### PROBLEM REQUIREMENTS
Take the line containing "カスタマーサービス部 部長" and every line after it to the end of the records, and copy them exactly, leaving out pictures.

Extracted records:
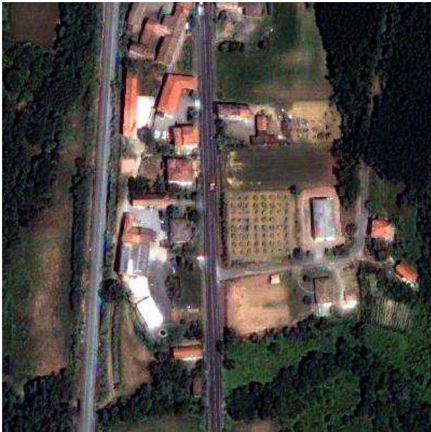
Figura 4. Imatge fusionada obtinguda pel mètode WiSpeR definit pels autors en aquest treball.
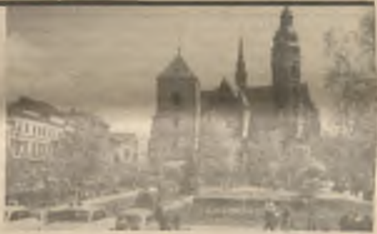
Na námestí v Košicích stojí výstavný chrám sv. Alžběty už od konce 14. stol. - A bude tam svědkom víry v Krista i pro generace příští, které nebudou už nic vědět ani o „Košickém programu“, ani o Husákově.
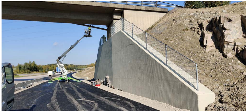
Kuva 2. S6 hulevesi kourujen asennus ja tukimuurin kaiteet asennettu, kuva 23.9.2020
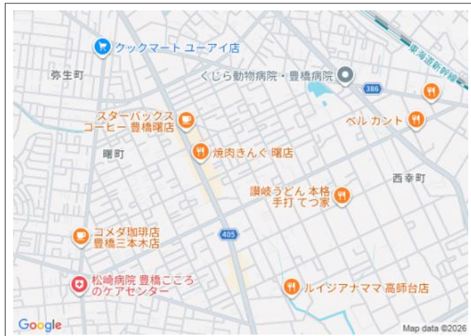
写真 小・中学校や公園が近く、子育て世代にうれしい立地!建築条件な
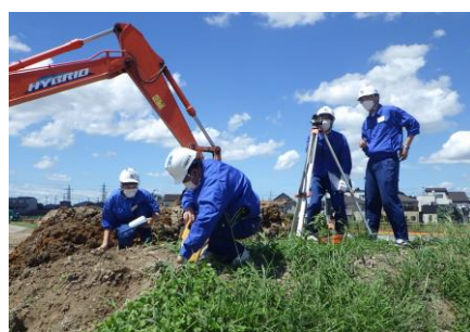
土木施工管理現場体験
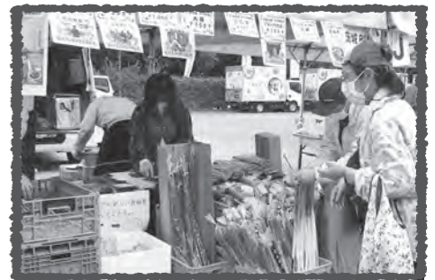
旬の野菜たちもズラリ！
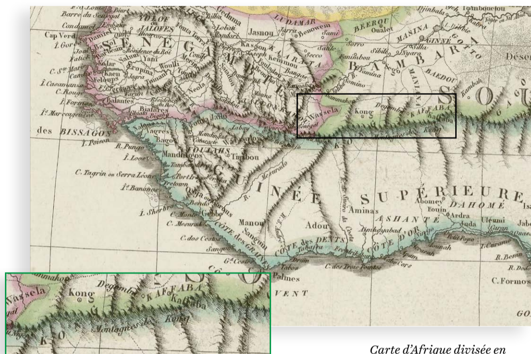
Carte d'Afrique divisée en ses principaux États avec les découvertes, E. Hérisson, 1820

La Terre est-elle plate comme une pizza? Pythagore et Aristote luttèrent déjà contre l'idée... En 2017, malgré les images satellite, certains Français adhèrent encore à cette théorie! Si les sciences font depuis longtemps l'objet de contestations, ce phénomène s'est aujourd'hui accentué. Le nombre de sources disponibles n'a jamais été aussi grand. L'information est moins filtrée par la presse spécialisée. La différence entre savoir et information, science et opinion n'est parfois plus perçue. De plus, le développement de journaux prédateurs jette le doute sur les articles scientifiques.
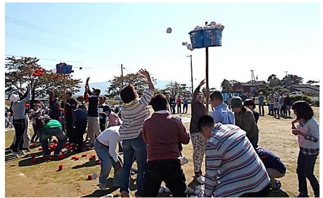
玉入れ競技の様子
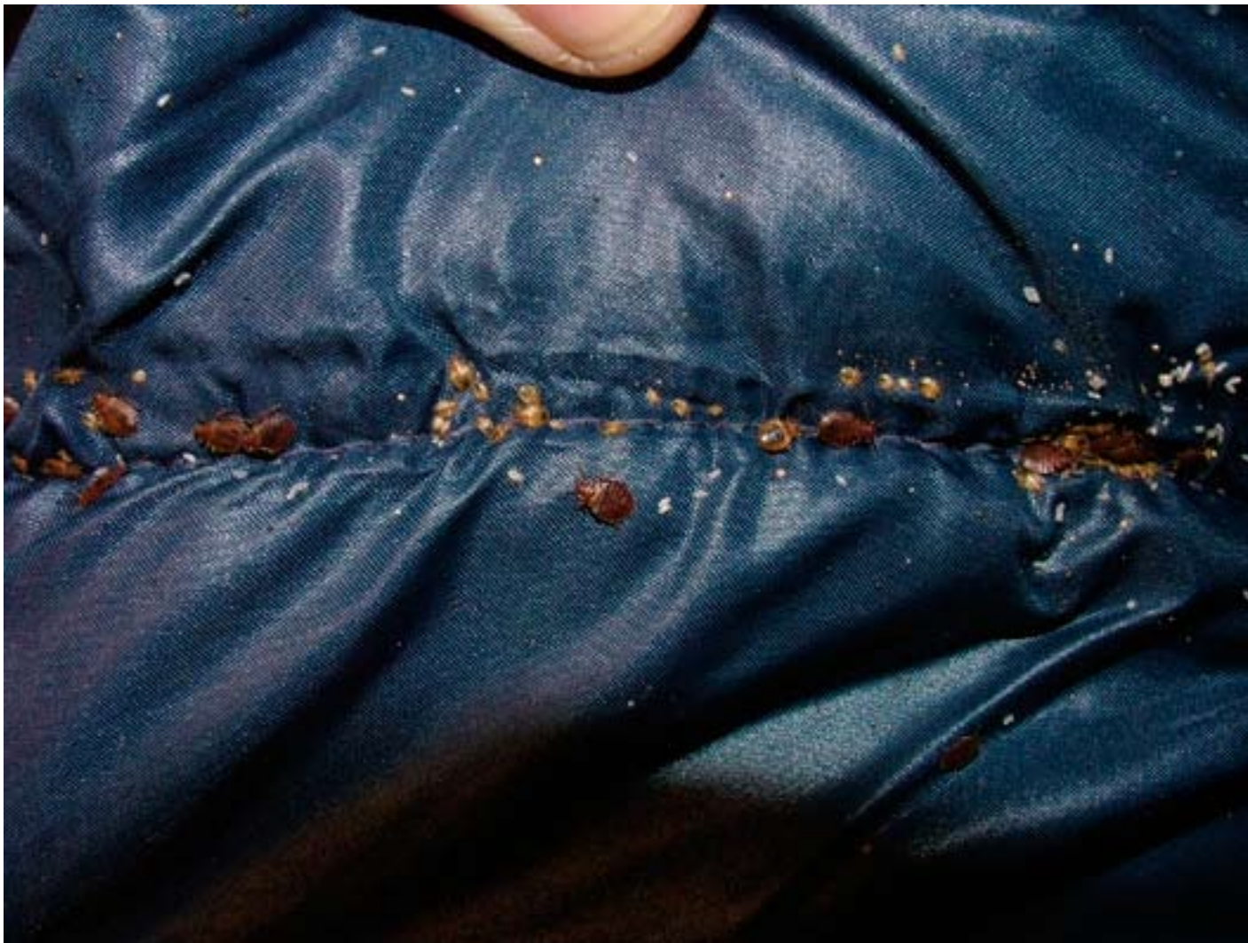
Figur 5: Sovepose der var gemt under en seng. Her har flere tusind væggelus slået sig ned.
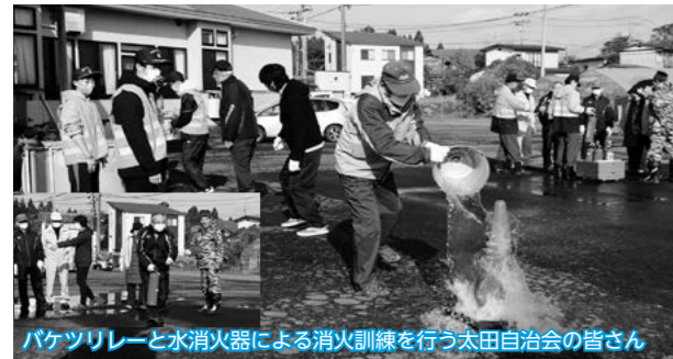
バケツリレーと水消火器による消火訓練を行う太田自治会の皆さん

「秋の火災予防運動」に合わせた想定訓練が市内4か所で行われ、参加者は有事に備えた防災意識を高めていました。太田地区では、高校生消防クラブも参加し、太田児童館で消火、倒壊家屋救出、応急救護の各訓練が行われました。
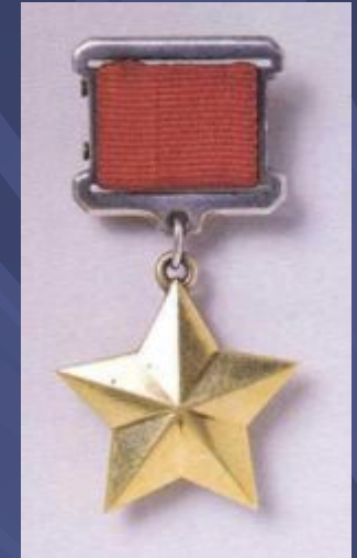
Сафонов Борис Феокистович 26. 8. 1915 - 30. 5. 1942 Дважды Герой Советского Союза
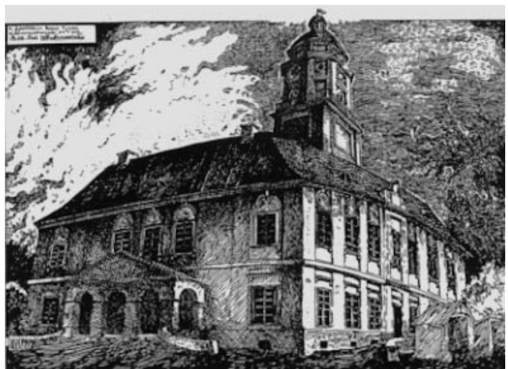
Рис. 5. Ратуша в Дрогобичі, XIX ст., рисунок автора
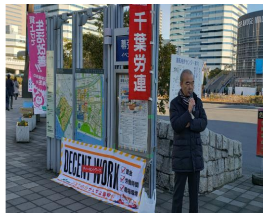
J R 海浜幕張駅で大企業宣伝で格差解消を訴える

通常国会で野党は、「桜を見る会」問題、カジノ汚職、中東問題の 3 本柱を追及するとのことですから大いに頑張ってもらい、私たちも世論と運動を広げましょう。そして、野党連合政権の実現のために、この間の共闘の広がりには確信を持ち、統一戦線の一翼を担う立場で奮闘したいと思います。
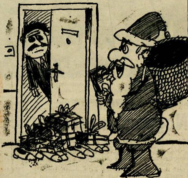
- Dakle, imali ste: tri velika paketića i dva mala, svega ...
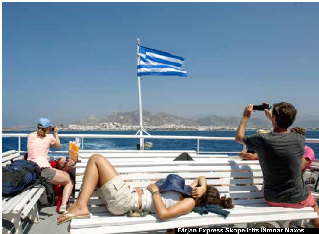
Färjan Express Skopelitits lämnar Naxos.

Bagagehanteringen ombord på båtarna är inte den mest var samma, så packa i en stryktålig rullväska eller en ryggsäck. Räkna med att du kan behöva gå en bit med bagaget, så packa inte mer än du orkar bära.
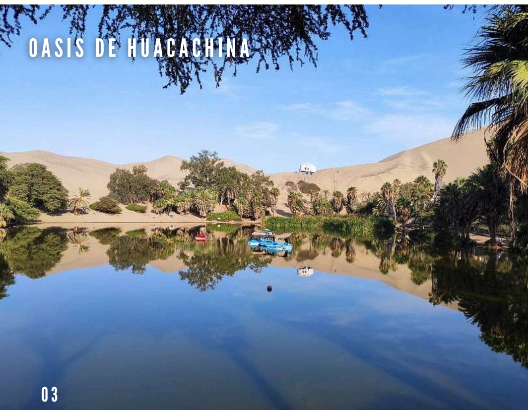
OASIS DE HUACACHINA
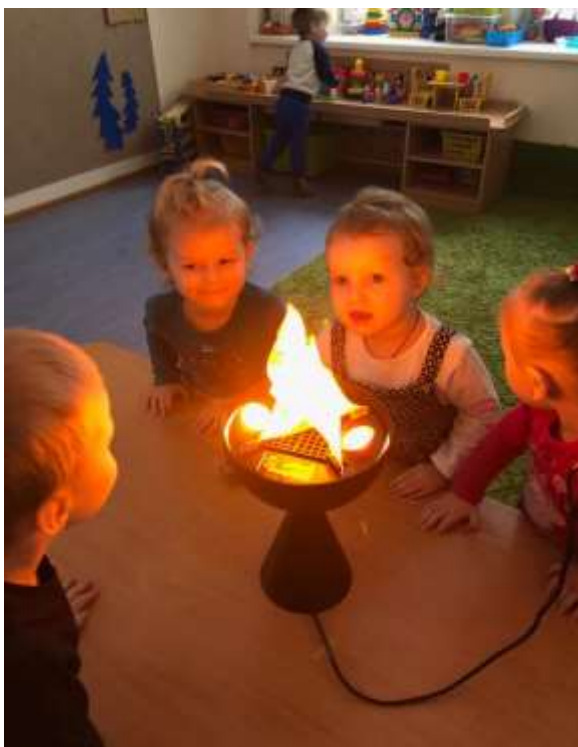
Рис. 6. Трансформируемые столы, электронный прибор сенсорной стимуляции
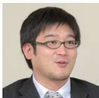
カスタマーサービス部 部長

さらに、これら2つのパッケージのDBを連携させるために導入されたのが、アステリアの「ASTERIA Warp」だ。ASTERIA Warpは多種多様なフォーマット変換、通信プロトコルに対応でき、アプリケーション間の連携が容易に行え
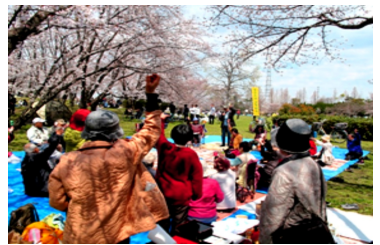
みんなで元気になりました
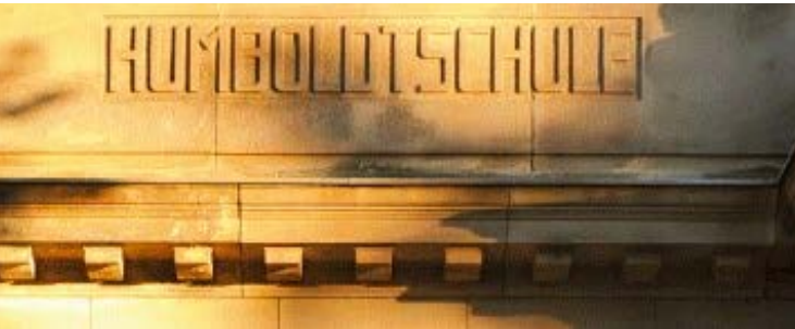
Schriftzug am Humboldt-Gymnasium
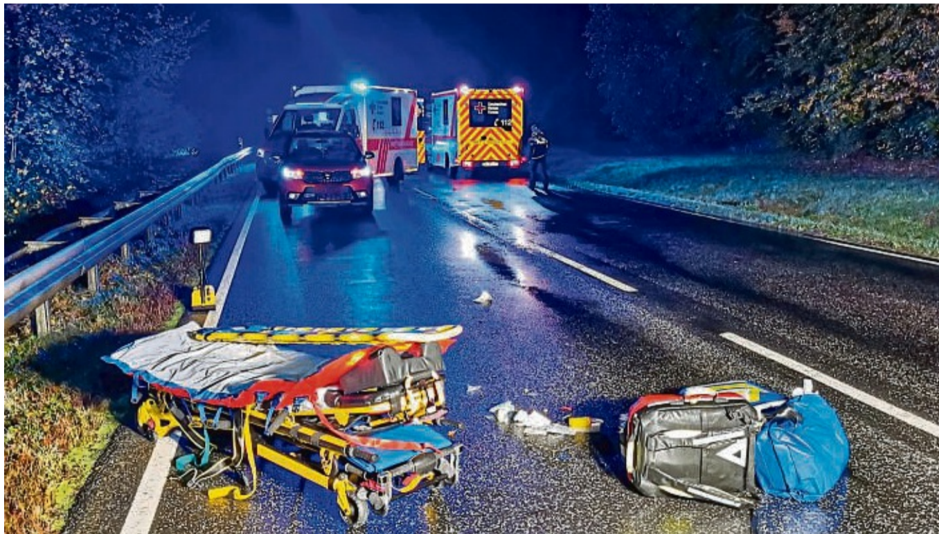
Frontalzusammenstoß: Bei einem schweren Verkehrsunfall, der sich am 24. Oktober 2023 auf der Bundesstraße 62 zwischen Sorga und Friedewald in Höhe der Einmündung Malkomes ereignete, wurden neun Menschen zum Teil schwer verletzt.

Die Verkehrsunfallzahlen mit Beteiligung junger Verkehrsteilnehmer zwischen 18 und 24 Jahren reduzierte sich gegenüber dem Vorjahr um 8,1 Prozent auf 466. Verstarben im Vorjahr noch zwei Personen an den Unfallfolgen, kam in 2023 erfreulicherweise kein Verkehrsteilnehmer in diesem Alter ums Leben. Die Anzahl der Verkehrsunfälle mit Schwerverletzten ist von 22 auf 5 und damit um 77,3 Prozent gesunken. Die Zahl der Leichtverletzten nahm ebenfalls stark ab und sank von 75 auf 54. In der Altersgruppe zwischen 65 und 74 Jahren ist insgesamt ein leichter Anstieg zu verzeichnen. Die Anzahl der Verkehrsunfälle erhöhte sich hier um 1,9 Pro-
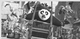
Kung Fu Panda 2 – [Cinemark] -12h00 - 12h45 - 13h05 - 15h00 - 15h15 - 17h10 - 17h30 - 19h30 - 19h50 - 22h10 - [Moviecom] - 13:50 - 15:10 - 15:50 17:10 - 17:50 - 19:10 - 19:50 - 21:10 21:50
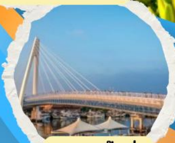
สะพานต้งสู่ย
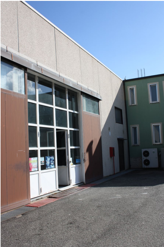
Struttura Industriale (capannone Nord) Sub.8

### FINISHED TASK
カスタマーサービス部 部長

さらに、これら2つのパッケージのDBを連携させるために導入されたのが、アステリアの「ASTERIA Warp」だ。ASTERIA Warpは多種多様なフォーマット変換、通信プロトコルに対応でき、アプリケーション間の連携が容易に行え
みんなで元気になりました
Schriftzug am Humboldt-Gymnasium
Frontalzusammenstoß: Bei einem schweren Verkehrsunfall, der sich am 24. Oktober 2023 auf der Bundesstraße 62 zwischen Sorga und Friedewald in Höhe der Einmündung Malkomes ereignete, wurden neun Menschen zum Teil schwer verletzt.

Die Verkehrsunfallzahlen mit Beteiligung junger Verkehrsteilnehmer zwischen 18 und 24 Jahren reduzierte sich gegenüber dem Vorjahr um 8,1 Prozent auf 466. Verstarben im Vorjahr noch zwei Personen an den Unfallfolgen, kam in 2023 erfreulicherweise kein Verkehrsteilnehmer in diesem Alter ums Leben. Die Anzahl der Verkehrsunfälle mit Schwerverletzten ist von 22 auf 5 und damit um 77,3 Prozent gesunken. Die Zahl der Leichtverletzten nahm ebenfalls stark ab und sank von 75 auf 54. In der Altersgruppe zwischen 65 und 74 Jahren ist insgesamt ein leichter Anstieg zu verzeichnen. Die Anzahl der Verkehrsunfälle erhöhte sich hier um 1,9 Pro-
Kung Fu Panda 2 – [Cinemark] -12h00 - 12h45 - 13h05 - 15h00 - 15h15 - 17h10 - 17h30 - 19h30 - 19h50 - 22h10 - [Moviecom] - 13:50 - 15:10 - 15:50 17:10 - 17:50 - 19:10 - 19:50 - 21:10 21:50
สะพานต้งสู่ย
Struttura Industriale (capannone Nord) Sub.8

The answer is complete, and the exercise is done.